Netanyahu apenas revelou ontem à noite a data prevista para a reunião do Conselho Superior de Planeamento para a Judeia e Samaria, que irá quebrar o congelamento em vigor desde há oito meses nas novas construções em territórios palestinianos, que à face da lei internacional estão ilegalmente ocupados. A decisão implica a quebra de compromissos assumidos por Israel ao assinar o acordo com os EAU, e reafirmados quando o Bahrein se junto depois a esses acordos.
A diplomacia dos EAU respondera às acusações que lhe foram dirigidas, por ter traído a causa palestiniana, alegando que conseguira o congelamento da colonização israelita nos territórios ocupados e que os acordos assinados se baseavam nessa condição.
A Casa Branca celebrou então a assinatura dos acordos como um passo histórico para a paz no Médio Oriente.

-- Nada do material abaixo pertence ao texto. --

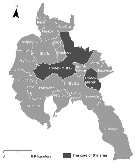 - Tonev, P.; Dvořák, Z.; Šašinka, P.; Kunc, J.; Chaloupková, M.; Šilhan, Z. Different approaches to defining metropolitan areas (Case study: Cities of Brno and Ostrava, Czech Republic). Geogr. Tech. 2017, 12, 108–120. [Google Scholar] [CrossRef]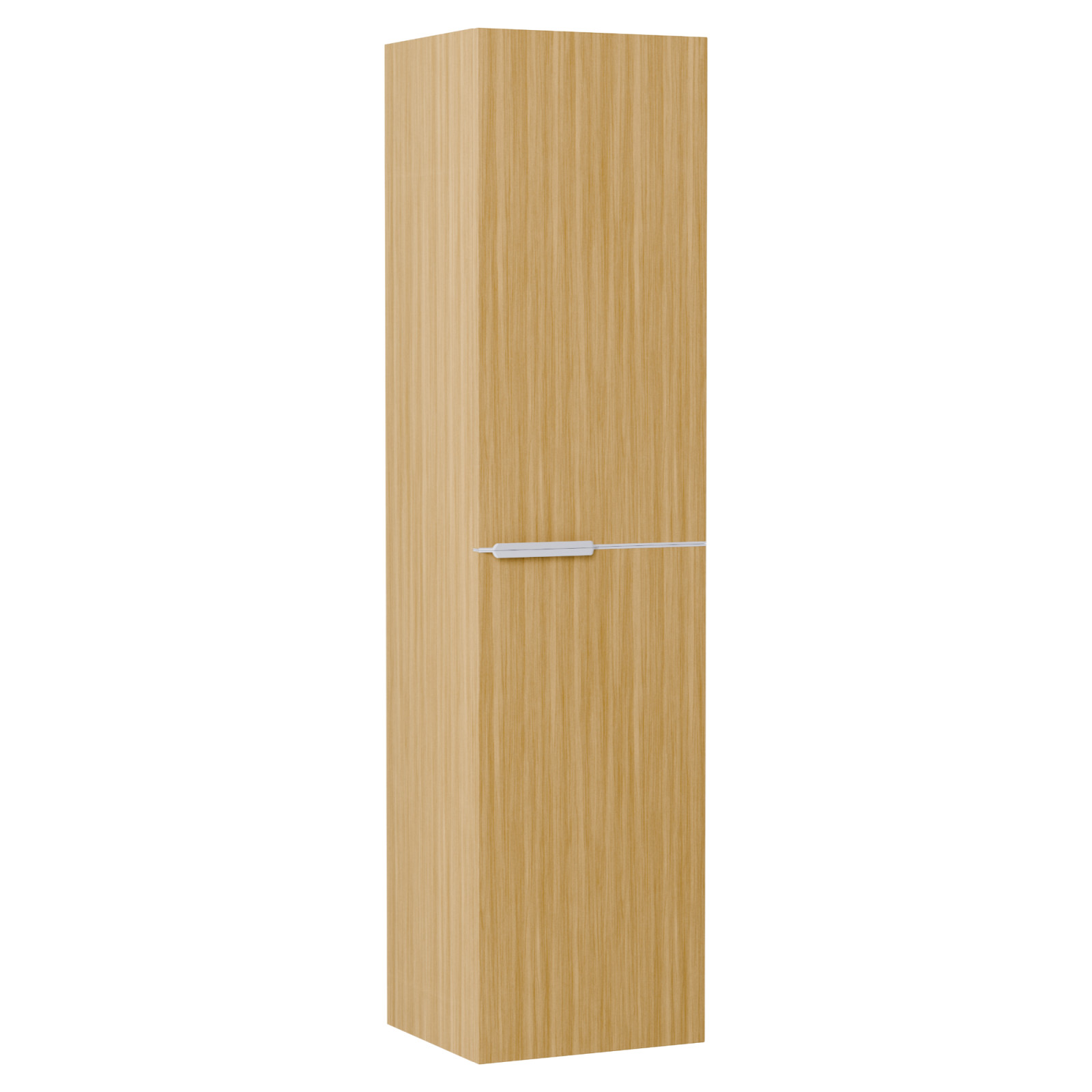 HD Cremona Hickory 80 komplett fürdőszoba bútor szett fali mosdószekrénnyel, matt fehér fogantyúkkal, tükörrel és magas szekrénnyel

Alimentou ainda expectativas de que viesse a juntar-se aos mesmos acordos a potência árabe mais importante do Golfo - a Arábia Saudita. Mas a pressa de Israel em voltar ao ritmo habitual de colonização não favorece o aliciamento da Arábia Saudita para aqueles acordos, que era suposto criarem a base de uma larga aliança anti-iraniana.
Logo no domingo, quando foi conhecida a decisão de Netanyahu, o Ministério dos Negócios Estrangeiros turco comentou a convocação do Conselho, segundo citação do diário israelita Jerusalem Post, como reveladora de "que Israel não desistiu dos seus planos de anexação". E, apontando o dedo aos EAU e ao Bahrein, acrescentou que "também mostra que as alegações de alguns países, de que impediram estes planos de anexação ao assinarem acordos de normalização com Israel, não passam de uma mentira".
O MNE turco sublinhou ainda que "os territórios palestinianos pertencem ao povo palestiniano", e prometeu: "Não permitiremos que este facto seja esquecido. Vamos continuar ao lado dos nossos irmãos palestinianos, a defender a causa palestiniana".